If a beneficial mutation spreads throughout the entire population (even in some weakened form as a result of the averaging of blended inheritance), then the answer to A can be yes while B is still no.
Jenkin’s model:
A) No and B) No
Davis’s model:
A) He thought yes, but your calculations show it’s No
B) He thought yes, but your calculations show it’s also No. (Assuming that the beneficial-mutation population grows without bound, dwarfing the original which stays constant, so that effectively “all members” of the species eventually look the same.)
Landsburg’s model:
A) You’re saying Yes
B) I think it’s not clear from your original post. You said: “Once again the total excess beak length goes to 2.38, but this time it’s shared among individuals of a fixed population size.” But, I had assumed that the excess beak length of 2.38 would eventually be evenly distributed among the whole population. Are you saying that it wouldn’t?
In other words, I think that your models can differ on the answer to question A, but I suspect that all 3 models say that the answer to question B is No — that blended inheritance causes us all to look the same eventually. (And so any such model using blended inheritance should have been self-evidently wrong, because we don’t all look the same.)
Sorry for the late entry, but I believe the proper way to model this is NOT by average beak model, because traits are typically not blended or averaged. Traits related to genetic modification are either passed on intact or not.
Thus the proper model is to separately track the populations of sports and normals. So we begin with 10,000 members, 5000 females and 5000 males, with one of them being a sport. Say that in each generation 10,000 offspring are produced, and the sport has about 10% more success with females than do normals; thus produces an average of 2.2 offspring versus their 1.99996. Of course offspring are discrete, so this manifests itself in an extra sport within five generations. The mutation is at risk of dying out early on, but once there are five or more males with the mutation, numbers take over and the sport population will grow at the expense of the normals.

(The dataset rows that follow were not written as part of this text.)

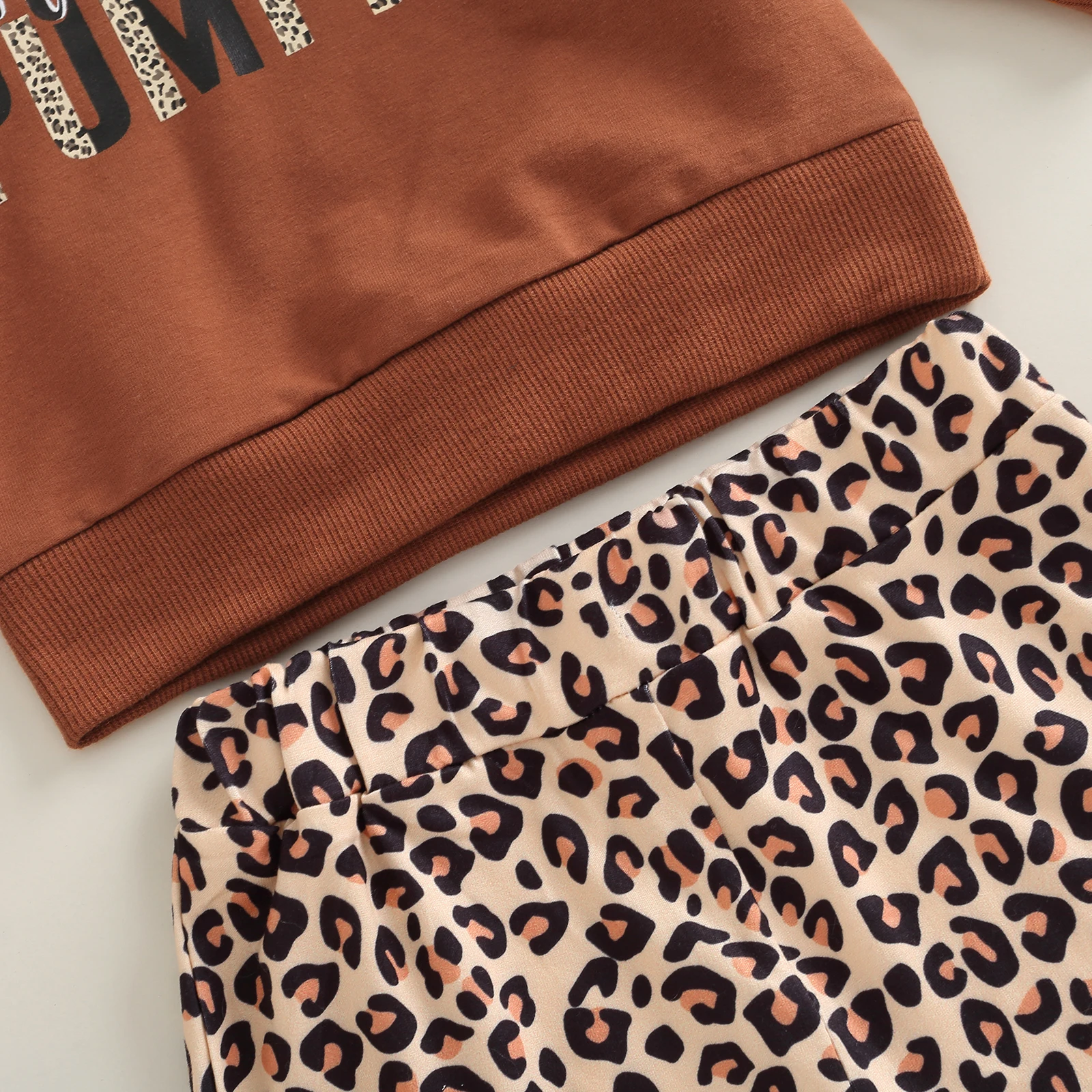 Citgeett Autumn Halloween Kid Girls Pants Suit Long Sleeve Letters Print Loose Tops + Leopard Bell-Bottoms Trousers Clothes
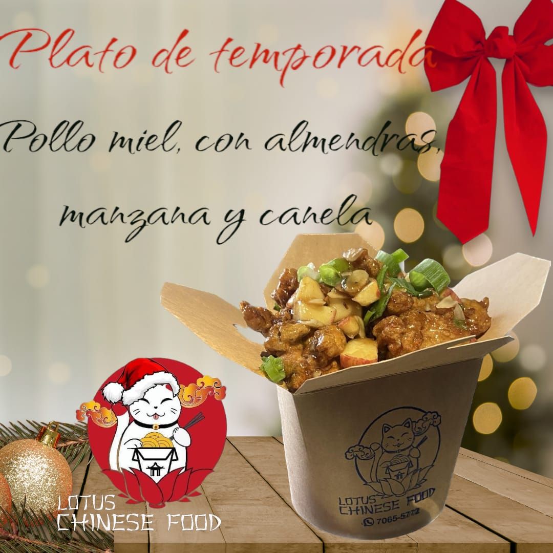 Delicioso pollo tempura con nuestra salsa tipo miel, almendras, manzana y canela.
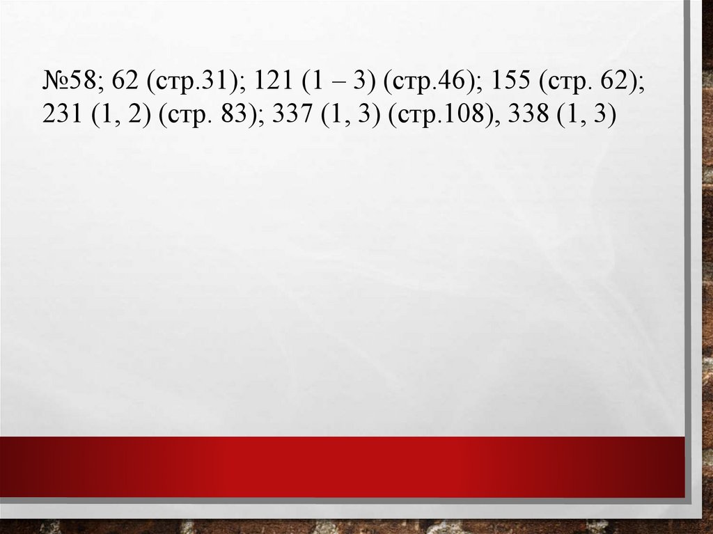 №58; 62 (стр.31); 121 (1 – 3) (стр.46); 155 (стр. 62);231 (1, 2) (стр. 83); 337 (1, 3) (стр.108), 338 (1, 3)
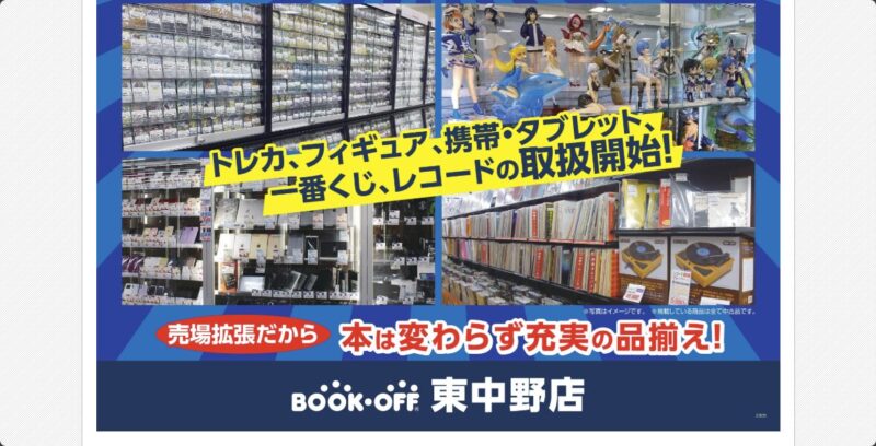 東中野駅から徒歩数分の場所にある「BOOKOFF東中野店」は、本やゲームの買取で全国的に知られる大手チェーン店です。
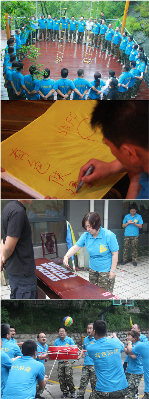 在開營儀式上,參訓人員被隨機分為三隊,按規定在15分鐘內確定各自隊名、隊長、隊呼及隊歌。經過各隊熱烈而認真的討論,確定了三個團隊名稱分別為“先鋒隊”、“井隊”和“火箭隊”,為期兩天的拓展訓練正式開始。
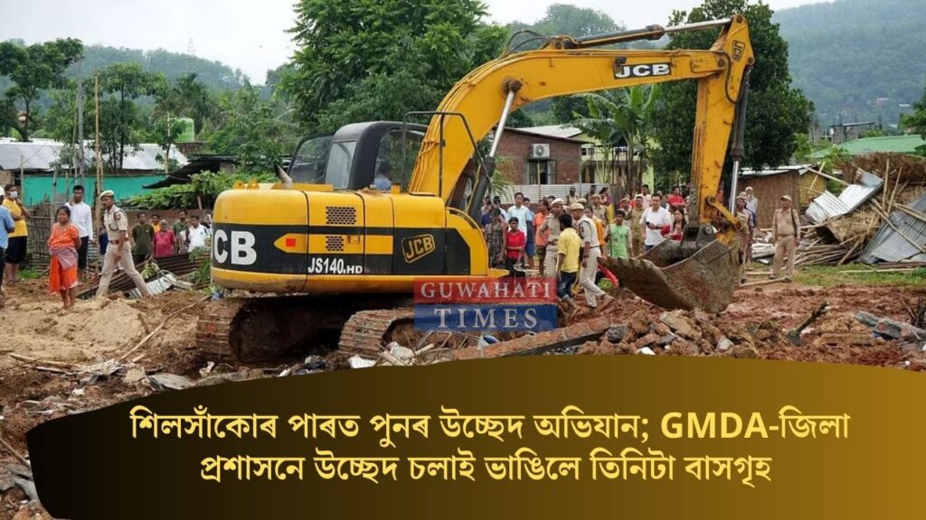 শিলসাঁকোৰ পাৰত পুনৰ উচ্ছেদ অভিযান; GMDA-জিলা প্ৰশাসনে উচ্ছেদ চলাই ভাঙিলে তিনিটা বাসগৃহ

The result is not an average slight increase in beak length; the result is the mutation spreading to 100% of the population and thus a doubling of beak length. By analogy, our current human intelligence is not due to some ancient ancestor being 50 times smarter than us and passing down 2% of that genius. It is the result of some ancient ancestor being maybe 10% smarter than his peers, and using that slight advantage in understanding and strategy and planning to out-compete the dummies and out-mate them, and his children inherited ALL of his advantage and did the same to their peers, until the mutation spread throughout the population and became an ineffective advantage — At which point the next advantage become more important.